Question #15436
closedHow to clean the tables 'nodes' and 'nodes_info' of seemingly out of date informations ?
Description
Hello,
After doing database maintenance operations (as per written in FAQ (1)), I explored a bit the database, to see which tables are taking the most space.
(For information, my RudderMachine has ~60GB of storage, and manages 113 nodes exactly.)
rudder=# SELECT pg_size_pretty( pg_database_size('rudder') );
pg_size_pretty
----------------
40 GB
So I checked for the heavyweight tables, and the winners are :
rudder=# SELECT relname AS "Table", pg_size_pretty(pg_total_relation_size(relid)) AS "Size", pg_size_pretty(pg_relation_size(relid)) AS "Relation size", pg_size_pretty(pg_total_relation_size(relid) - pg_relation_size(relid)) AS "External Size" FROM pg_catalog.pg_statio_user_tables ORDER BY pg_total_relation_size(relid) DESC LIMIT 5;
Table | Size | Relation size | External Size
-------------------------+---------+---------------+---------------
nodes_info | 16 GB | 4392 kB | 16 GB
nodes | 14 GB | 3405 MB | 10 GB
archivedruddersysevents | 3237 MB | 2706 MB | 530 MB
ruddersysevents | 2994 MB | 1429 MB | 1565 MB
archivednodecompliance | 842 MB | 699 MB | 143 MB
So, I do have 2 tables using half of the DB weight.

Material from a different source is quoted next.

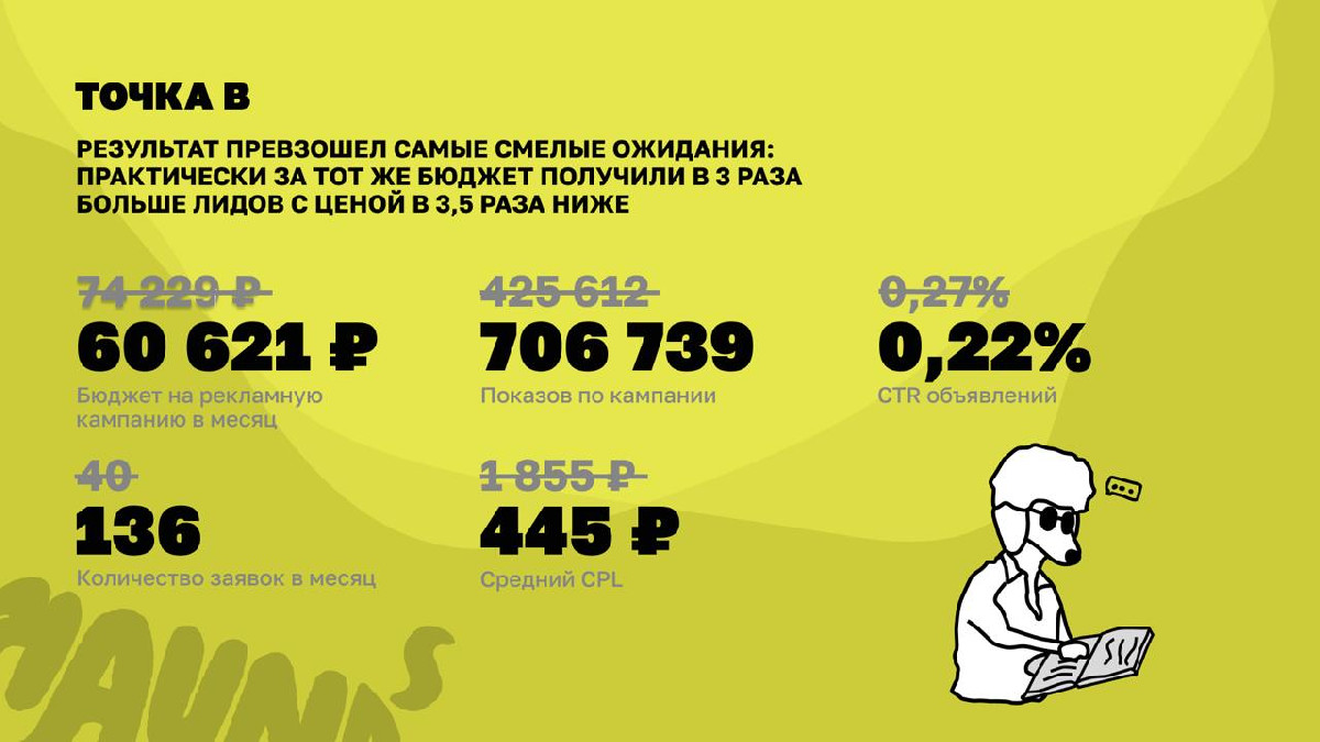 Результат — CPL меньше на 76%

I did a bit of exploration (and thanks to ticket #9518), and found out that some nodes have a long history stored in db, even for deleted reports or old configurations checks.
For the table `nodes`, it seems I can remove safely historical entries from nodes with a request like DELETE FROM nodes WHERE endtime < (now() - interval '7 days')
, but I fear it might break something, so I won't do.
rudder=# select count(*) from nodes where endtime < (now() - interval '7 days');
count
----------
29083989
So, my question is:
- is the request written above (or a cleaner one) viable ?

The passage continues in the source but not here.